As uncertainty and anxiety over global political, social and economic instability rise, so does the quest for the intellectual equivalent of comfort food. Conspiracy theory, reductionist interpretations of history and sweeping demonizations of whole ethnic and religious communities—in short, binary analyses of things in general—soothe with their promise of banishing ambiguity. Once one has identified the enemy, the search for a solution commences. We humans seem programmed, at some deep level, to gravitate toward ironclad answers to thorny questions, simple explanations of complex realities and clear, indisputable distinctions that lay the blame where it belongs—on them. Accepting one’s share of responsibility for the shape of things, whether in local or family matters or on the much grander scale of global affairs, tests the mettle of the strongest.

 

During the past several years, adversarial, even virulently uncivil, public discourse has been on the rise again across this land. One of the increasingly frequent hallmarks of that discourse is the perception that global conflict has assumed a new guise in the new millennium. Now arising over America’s horizons is the menacing gloom of the Islamic peril, and the assessment that we are in for an inevitable clash of civilizations has become a rarely challenged commonplace. Yes, there have been scholarly critiques of the clash paradigm, but they have too seldom found a very wide audience. But the topic is too important and too fraught with pitfalls to let it slip from public notice.

Clash of Civilizations

A photo showing a military helicopter flying over a dhow in the Persian Gulf appeared in The New York Times during the early days of Operation Iraqi Freedom. Its caption read “Clash of Civilizations.” The image is but one of countless facile generalizations about global events that are at best simplistic and useless and at worst dangerous. Broad civilizational interpretations of history are nearly as old as the study of history itself, but the most recent reincarnation of the clash paradigm has the potential for immense harm if its gaping flaws are not addressed.
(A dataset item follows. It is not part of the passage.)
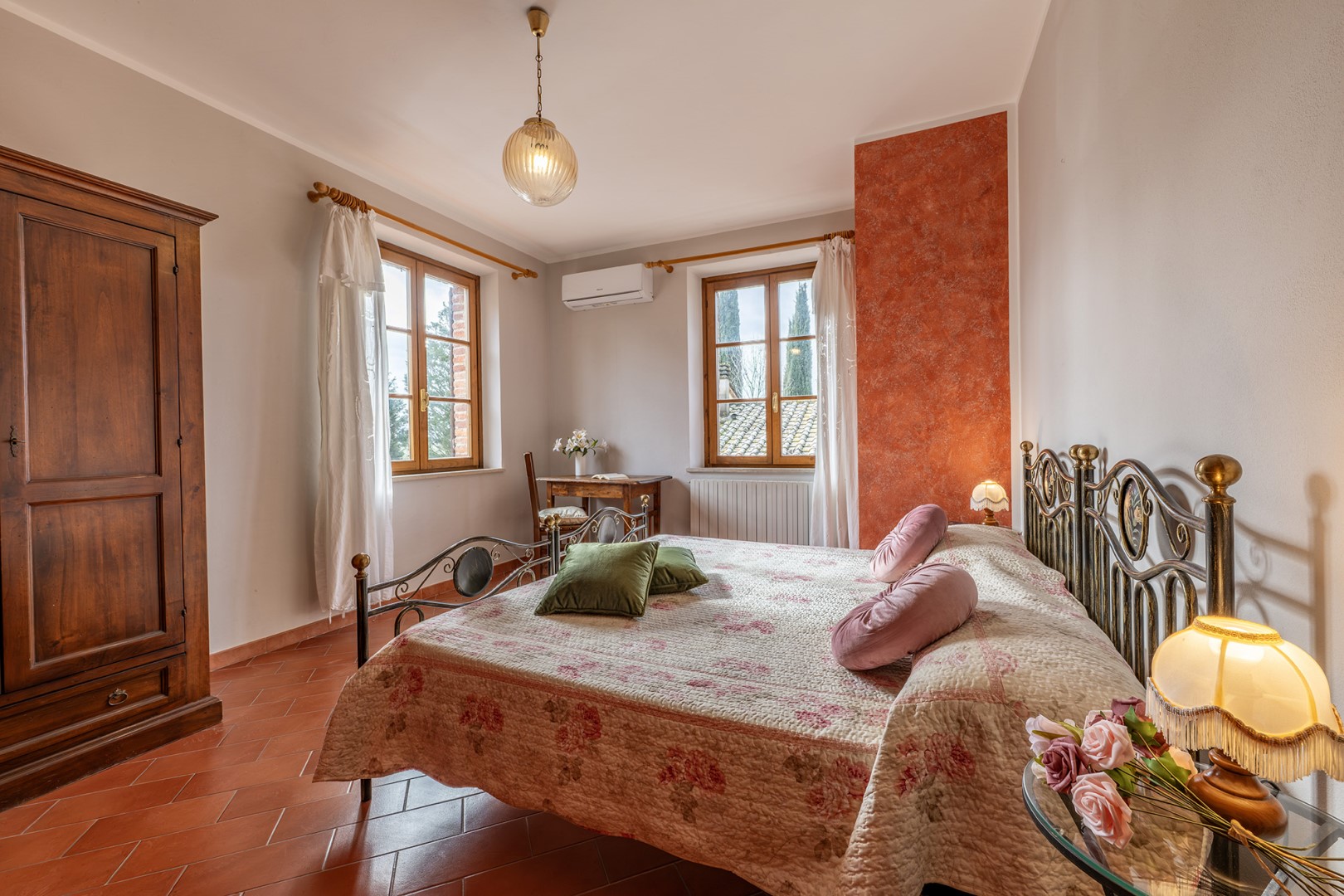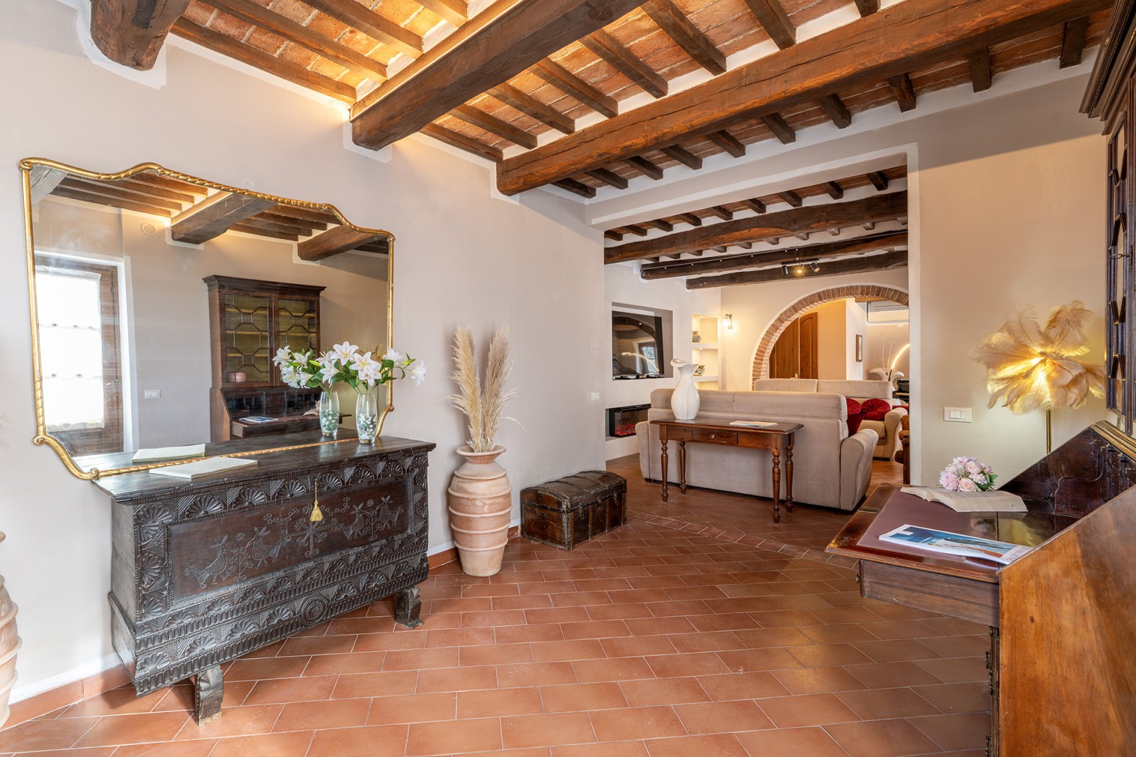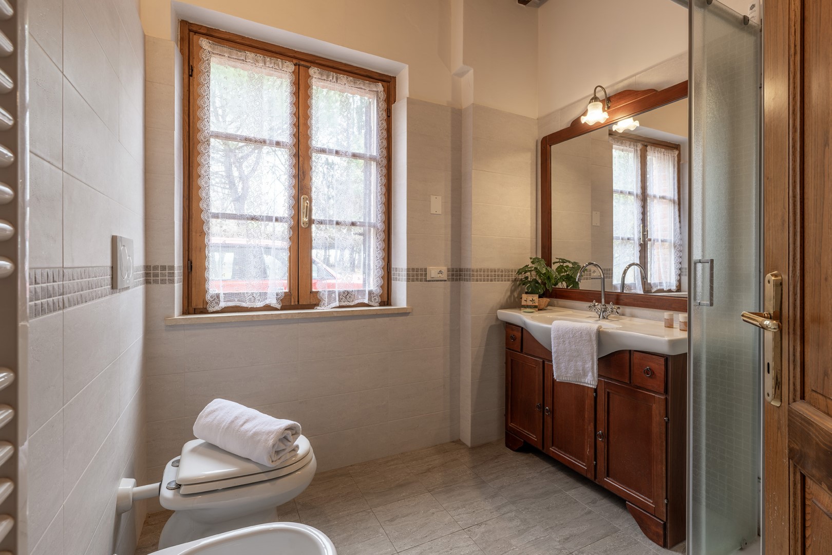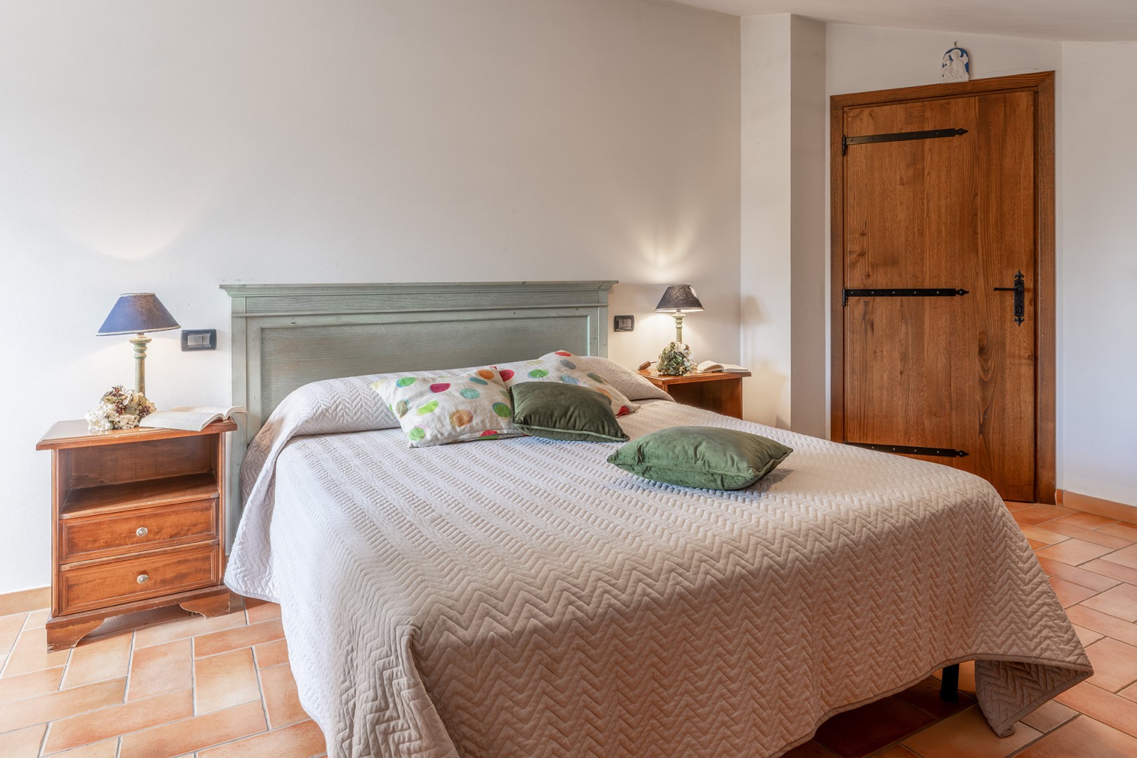 The park covers approximately one hectare within the vast agricultural estate, which includes cultivated fields, olive groves and vineyards, and is naturally bordered by hedges and vegetation. Access is via a gate that opens onto an internal driveway of about 400 m, at the end of which is the parking area. Conveniently located near the kitchen exit are the stone barbecue and the dining table shaded by a pergola. Several outdoor relaxation areas, a bocce court and the pool area complete the park, surrounded by the typical vegetation of olive and cypress trees. Please notice that photos are taken in spring, therefore flower blossoming, and the colours of the gardens' grass could be different at the moment of your arrival at the villa.

Major difficulties with this model, whose lineage can be traced to the historians Francis Fukuyama, Samuel Huntington and Bernard Lewis, begin with what one means by a civilization. What are the operative criteria, the essential characteristics, by which devotees of the clash paradigm seek to define Islam as a civilization? They are typically, if not always, negative characterizations: Islam is bellicose to the core, virtually founded on the exercise of violent means; Islam has never managed to separate religious and civil spheres; Islam has, alas, never benefited from either a renaissance or an enlightenment and is therefore bereft of the intellectual tools that are integral to the historical-critical method, with its dispassionate, objective approach to reality; the virtual absence of democratic institutions in nations in which Islam has been a dominant influence argues for the incompatibility of Islam and democracy—just for starters.
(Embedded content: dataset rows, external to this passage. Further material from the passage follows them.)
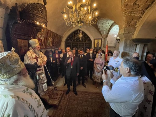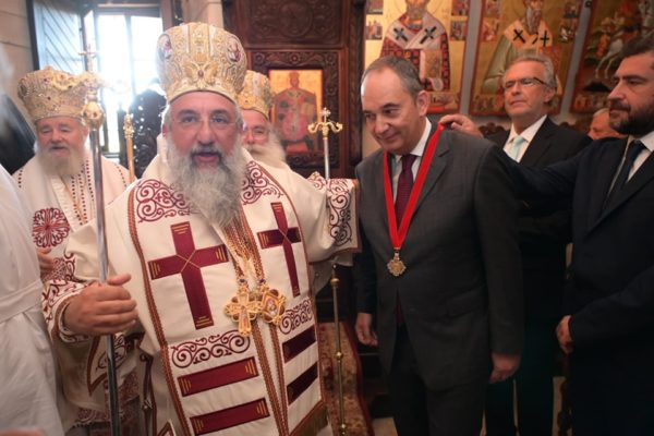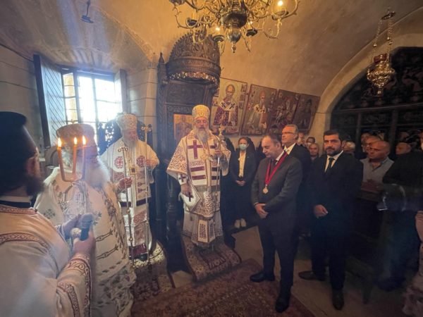 Πριν το πέρας της Θείας Λειτουργίας ο Σεβασμιώτατος Αρχιεπίσκοπος Κρήτης και Πρόεδρος της Ιεράς Επαρχιακής Συνόδου της Εκκλησίας Κρήτης, απένειμε στον Υπουργό Ναυτιλίας και Νησιωτικής Πολιτικής εντιμότατο κ. Ιωάννη Πλακιωτάκη, τον Σταυρό των Αποστόλων Παύλου του Πρωτοκορυφαίου και Τίτου πρώτου Επισκόπου Κρήτης, που αποτελεί την ανώτατη τιμητική διάκριση της Εκκλησίας της Κρήτης, για την όλη πολύπλευρη και σημαντική προσφορά του στην τοπική Εκκλησία, στην πανηγυρίζουσα Ιερά Σταυροπηγιακή Μονή Τοπλού, στην ιδιαίτερη πατρίδα του τη Σητεία, το Λασίθι, στην Κρήτη και την πατρίδα μας.
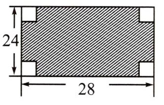5. 一块长28cm、宽24cm的长方形铁皮(如图),从四个角各切掉一个边长为4cm的正方形,然后做成盒子。这个盒子用了多少平方厘米铁皮?
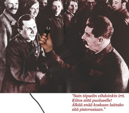Stalinin palkinnot 2011 Jo toistamiseen jaoin Stalinin palkintoja toiveena muutos parempaan. Palkituista ja myös Stalinin taustoista julkaisin pienen kuvitetun kirjan. 2016 alkaen voit tutustua siihen myös netissä. Klikkaa . Palkinnoille valikoitui jälleen ilmiöitä, jotka ovat arjen kiusana. Teemana oli aistit - jokaista aistia kohden valikoitui yksi palkittu. Voittoisia olivat mm. suihkun hanalaite, huppu, parfymoidut naiset, heiluva TV-kuva, MTV3:n sääohjelmat, pitsalaatikko, tiukat töpselit, ... Palkintojen julkistus oli Seurasaaren Kalevalakehdossa, ei Venäjän tiede- ja kulttuurikeskuksessa niin kuin olin suunnitellut. Vieraillessani keskuksessa näin monenlaisia tiloja vajaakäytössä. Lukuisiin tiedusteluihini en saanut edes kielteistä vastausta. Onko syynä keskitetty hallinto ja päätöksenteon pelko vai pelkästään kirjan aihe? Neuvostoliiton hajoamistuotteella, Venäjällä, on syytä käsitellä ja muistaa Stalinin tekoja ja aikaa. Mielestäni hankkeeni rohkaisee ymmärtämään, että asioita voi käsitellä monella tavalla. Mennyttä ei voi muuttaa, mutta siitä voi oppia. Tämän ymmärtäminen voisi olla välineenä parempaan nykyisyyteen ja tulevaisuuteen. Olen Venäjän presidentin kanssa samoilla linjoilla: vallan keskittyminen voi olla vaarallista. Palkitut pääsivät kirjaan ja saivat huomiota ja mainetta julkistustilaisuudessa. Pääpalkinnon saajaksi valikoitunut huppu, mutta perinteinen palkinto(meno)matka Siperiaan jäi tällä kertaa toteutumatta. Palkintojulkaisuja on vielä jäljellä. Mikset ostaisi yhtä omaksesi?
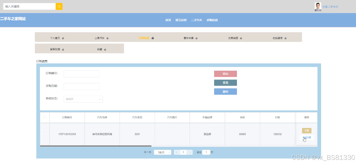 (7)个人中心:用户点击右上角的“用户名”,然后点击“个人中心”可查看个人首页、订购信息、看车申请、交易完成、在线咨询、求购信息、留言反馈和自己收藏的信息并对其进行管理。
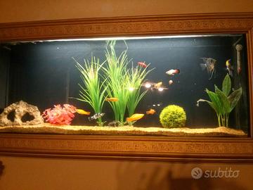 vendo splendido acquario a muro da 70 litri completo di accessori molto bello e particolare a 400 euro. misure : altezza 48.50, profondit 17, larghezza 110.
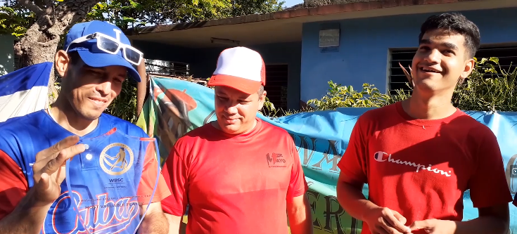 Maikel Merino Ruiz y su entrenador, el experimentado profesor Jesús Bustamante, recibieron el reconocimiento de las autoridades y sus vecinos del municipio Contramaestre, a propósito de su reciente coronación como campeones en la Copa Mundial de Béisbol para ciegos.
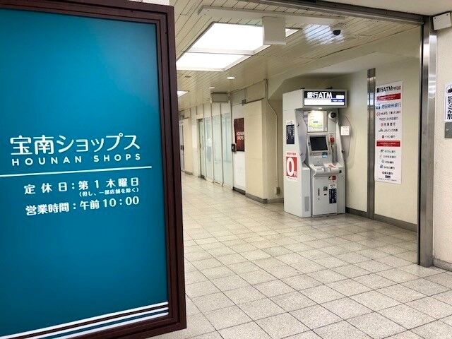 こちらは、阪急宝塚南口駅の宝南ショップスにある『駅ナカ銀行ATM』です。ステーションATM『Pat Sat』パッとサッと!阪急電鉄と池田泉州銀行が共同で設立した「ステーションネットワーク関西」が運営する駅ナカATM。池田泉州銀行、三菱UFJ銀行、みずほ銀行など提携銀行のキャッシュカードが、自行ATMと同様に時間内は引出し手数料無料で利用できます。時間内とは、平日8:45~18:00までです。阪急宝塚駅、宝塚南口駅、逆瀬川駅、小林駅の改札外にあります。
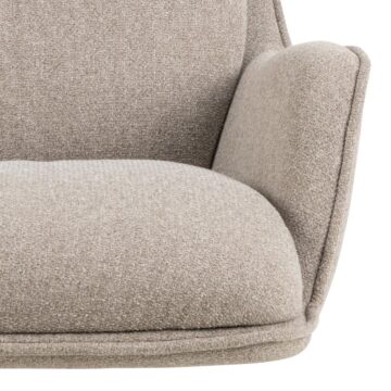 Počivalnik Bosley je zasnovan za udobje in sodoben stil, ki bo popestril vsak prostor v vašem domu. S širokimi naslonjali za roke in rahlo ukrivljenim sedežem, ta stol vabi k počitku in sprostitvi. Oblazinjen v strukturirani bež tkanini, ki je izdelana na osnovi recikliranih plastičnih steklenic, nudi prijeten in trajnosten občutek.
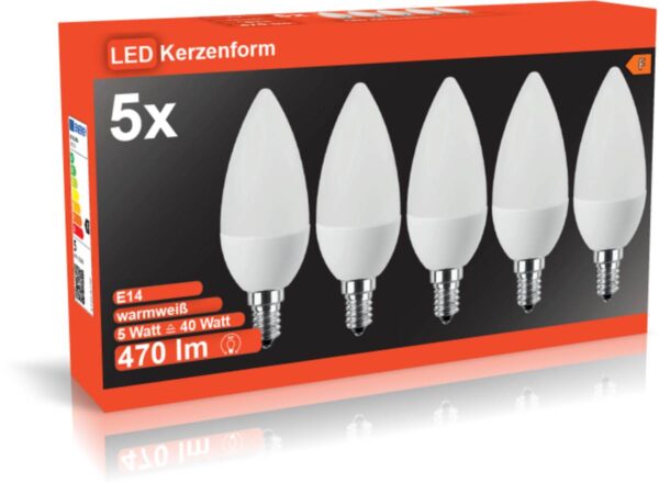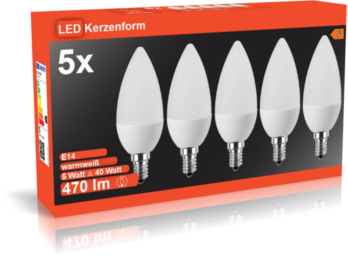 Sockel:E14 Beleuchtungstechnik:LED Energieverbrauch:5 kWh/1000h Schaltzyklen:50.000 Lichtstrom:470 lm Farbtemperatur:2700 K Lichtfarbe:Warmweiß Farbwiedergabeindex:80 Anzahl pro Packung:5 Produktabmesungen (H x B x T):103 x 35 x 35 mm Lebensdauer:10.000 h Energieeffizienzklasse:F Betriebstemperatur:-20 bis +40 C° Lagertemperatur:-30 bis +40 C° Leistungsaufnahme:5 W Schutzart:IP20 Dimmbar:Nein EAN:4260293204660 Artikelnummer:49224  Lieferumfang

These and other such criticisms of our civilization’s evil twin bristle with inconsistencies. Take for example the “Missing Renaissance/Enlightenment” argument, often cited as a prime reason why Muslims seem unable to break free of the literalist fundamentalism that, in turn, makes Islam a global threat. Only diehard believers in a trickle-down theory of Enlightenment thinking would argue, against enormous evidence to the contrary, that Christian and Jewish Americans generally apply “historical-critical” principles to the understanding of their sacred texts. Literalism is alive and well among rank-and-file Christians and Jews, not only in developing nations but in the West as well. Manifestations of the oft-vaunted liberating effects of the Renaissance and Enlightenment in current American popular attitudes toward world religion and politics remain as scarce as Irish Lutherans. Those who enumerate the fatal flaws of a once-born/unenlightened Islamic civilization do not seem to notice that neither China nor Japan have had the benefit of either Renaissance or Enlightenment, and they would in any case never dream of attributing China’s communism to something inherently Chinese or Japan’s World War II atrocities to a radical Japanese-ness.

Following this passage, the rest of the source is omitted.